PLEASE REPLY - Challenge Problem 6-1-09

[vasd.inc]

PLEASE HELP! In the explanation given for the following problem, MGMAT states that a + 1 - c cannot be less than zero. I can't figure out why that is... why can't c be greater than a+1?

Question:

Positive integers a, b, c, m, n, and p are defined as follows: m = 2a 3b, n = 2c, and p = 2m/n. Is p odd?

(1) a < b
(2) a < c


Answer:

We should first combine the expressions for m, n, and p to get the following:
p = 2m/n = 2(2a 3b) / 2c = 2a + 1 - c 3b

The question can be rephrased as "Does p have no 2's in its prime factorization?" Since p is an integer, we know that the power of 2 in the expression for p above cannot be less than zero (otherwise, p would be a fraction). So we can focus on the exponent of 2 in the expression for p: "Is a + 1 - c = 0?" In other words, "Is a + 1 = c?"

Statement (1): INSUFFICIENT. The given inequality does not contain any information about c.

Statement (2): SUFFICIENT. We are told that a is less than c. We also know that a and c are both integers (given) and that a + 1 - c cannot be less than zero[/color].
In other words, a + 1 cannot be less than c, so a + 1 is greater than or equal to c. The only way for a to be less than c AND for a + 1 to be greater than or equal to c, given that both variables are integers, is for a + 1 to equal c. No other possibility works. Therefore, we have answered our rephrased question "Yes."

[esledge]

Just to be clear, some of those variables are exponents, which I will indicate with the ^ mark. Here's the full question again:

Positive integers a, b, c, m, n, and p are defined as follows: m = (2^a)(3^b), n = 2^c, and p = 2m/n. Is p odd?

(1) a < b
(2) a < c

If p = 2m/n, substituting the given expressions for m and n we get:

p = 2*(2^a)(3^b)/(2^c) = (2^1)(2^a)(3^b)/(2^c) = [2^(1+a-c)]*(3^b)

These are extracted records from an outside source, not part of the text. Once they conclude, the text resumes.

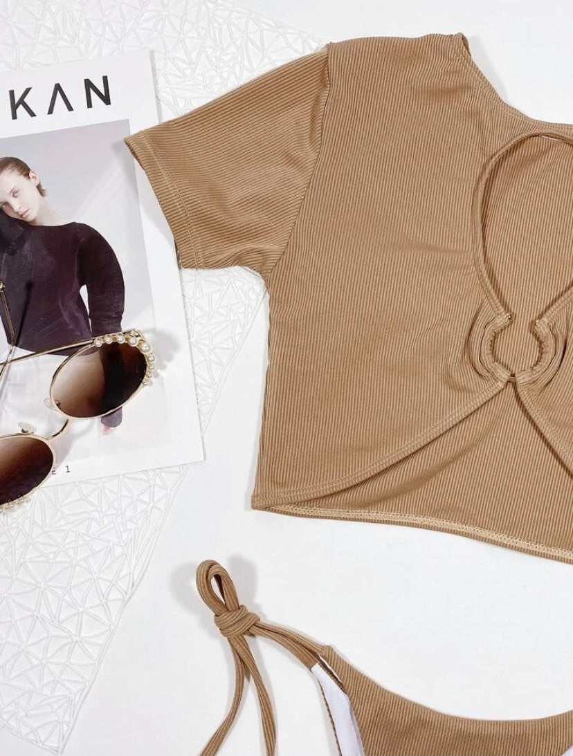 Two piece set. Short sleeve shirt swim top with gold ring. Bikini bottom side tie strings.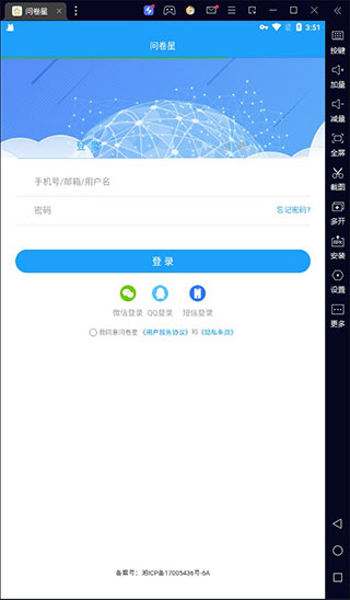 问卷星电脑版是一款通过安卓模拟器运行的问卷调查软件,能够支持在线问卷调查、测评,且为用户提供功能强大、人性化的在线设计问卷、采集数据、自定义报表、调查结果分析系列服务。软件界面简洁,功能强大,支持在线考试、员工360度评估、报名表单系统、在线测评系统等功能。与传统调查方式和其它调查网站或调查系统相比,问卷星具有快捷、易用、低成本的明显优势,已经被大量企业和个人广泛使用。更支持微信、邮件和短信等方式收集数据,数据回收后可以进行分类统计、交叉分析,并且可以导出到Word、Excel、SPSS等,是你问卷调查最好的辅助帮手。
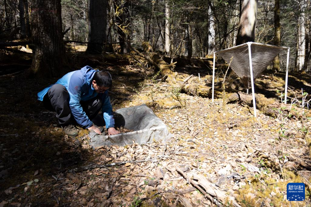 丽江高山植物园工程师范中玉在云杉坪大样地内查看一个种子雨框,种子雨框主要用来收集树上落下来的种子(3月28日摄)。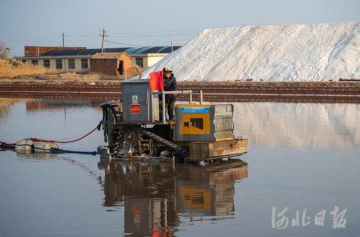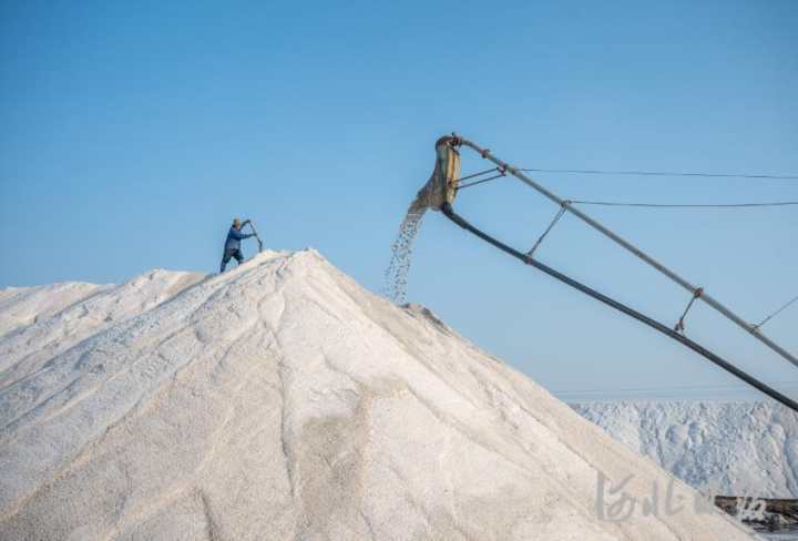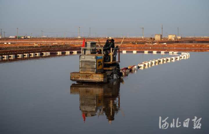 日前,位于唐山市曹妃甸南堡开发区的南堡盐场35万亩盐田进入秋盐收获期,现场工人正在收盐。近年来,曹妃甸依托南堡盐场资源优势,大力发展盐化工循环经济产业,经济效益不断凸显。 河北日报记者赵杰摄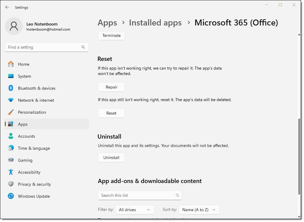 There are two Microsoft 365 entries, and I’m not sure why. I’m selecting the one that includes (Office) and has a size associated with it. Click the ellipsis to its right and click on Advanced Options (not shown here). This will open a page with additional information about your installation of Microsoft Office, including several actions you can take.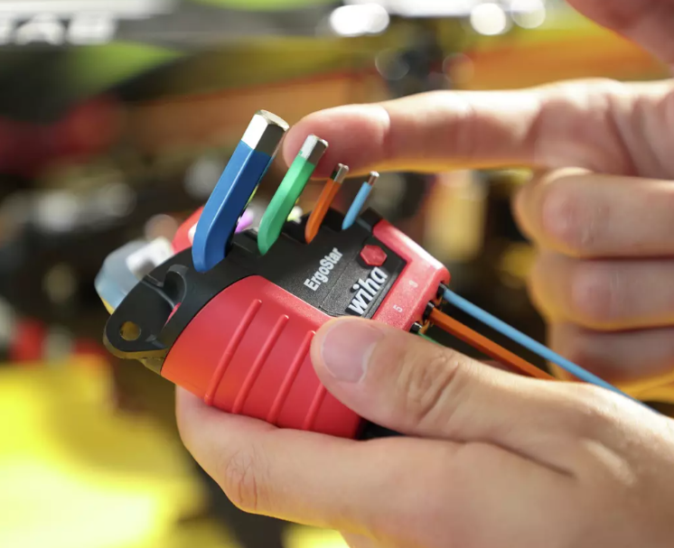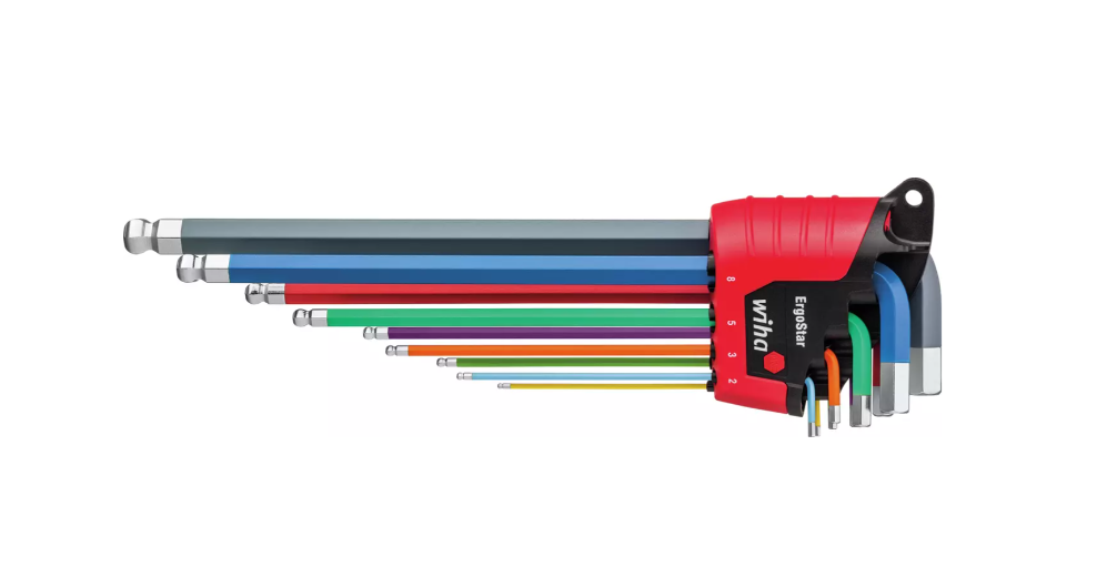 Czy to nie wydaje się znajome? Nieporęczne wyciąganie i ponowne wkładanie pojedynczych kluczy do uchwytu. Ostatecznym, a zarazem genialnym rozwiązaniem tego problemu stał się obecnie uchwyt Wiha ErgoStar. Obrócenie jednego z kluczy w uchwycie sprawia, że wszystkie pozostałe klucze obracają się w bok pod tym samym kątem, umożliwiając tym samym ich szybkie i wygodne wyjmowanie. Mocowanie zastosowane w tych uchwytach zapobiega wypadaniu kluczy niezależnie od tego, czy uchwyt jest zamknięty, czy otwarty. Ponadto kolorowe klucze dzięki pokryciu lakierem luminescencyjnym można szybko i łatwo odnajdywać nawet w ciemności za pomocą lampy UV. Dzięki temu skraca się czas poszukiwania zagubionych kluczy trzpieniowych, a podczas konserwacji urządzeń zmniejsza się ryzyko pozostawienia narzędzi wewnątrz maszyny. Zastosowanie pierścienia ze stali sprężynowej MagicRing eliminuje wypadanie normowanych śrub z gniazdem sześciokątnym z klucza niezależnie od położenia bez konieczności stosowania magnesu. Trzpień sześciokątny z główką kulistą umożliwia bezproblemowe przykręcanie pod kątem do 25°. Zestaw ten obejmuje dziewięć kolorowych sześciokątnych kluczy trzpieniowych w najczęściej stosowanych rozmiarach.

If 1+a-c were any integer less than zero, the power of two would be a fraction. For example, if 1+a-c = -1 and b = 1, then p = (2^-1)*(3^1) = 3/2. Since we are told that p is an integer, 1+a-c cannot be negative.

[cariappa.88]

Does the question answer itself?

a, b, c, n, p are all positive integers.

m = 2^a * 3^b

Here, a^2 has to be even, and 3^b has to be odd irrespective of what the values of a or b are. As a result, m has to be even.

n = 2^c

Here, n has to be even

p = 2m/n or m = 2(m/n). Here (m/n) could be odd or even, but when multiplied by 2, it becomes even. So, doesn't the question answer itself.

Simply put, any positive integer multiplied by 2 is even. So, 2(m/n) has to be positive.

I'd really appreciate it if someone thinks this explanation is faulty.

Thanks!

[jnelson0612]

Does the question answer itself?

a, b, c, n, p are all positive integers.

m = 2^a * 3^b

Here, a^2 has to be even, and 3^b has to be odd irrespective of what the values of a or b are. As a result, m has to be even.

n = 2^c

Here, n has to be even

p = 2m/n or m = 2(m/n). Here (m/n) could be odd or even, but when multiplied by 2, it becomes even. So, doesn't the question answer itself.

Simply put, any positive integer multiplied by 2 is even. So, 2(m/n) has to be positive.

I'd really appreciate it if someone thinks this explanation is faulty.

Thanks!

Be careful! What if m=6 and n=4? Then you get 3 as the result. Even though m itself is even, if the n contains lots of twos those twos may cancel out with the coefficient 2 up to and also the two contained in the m.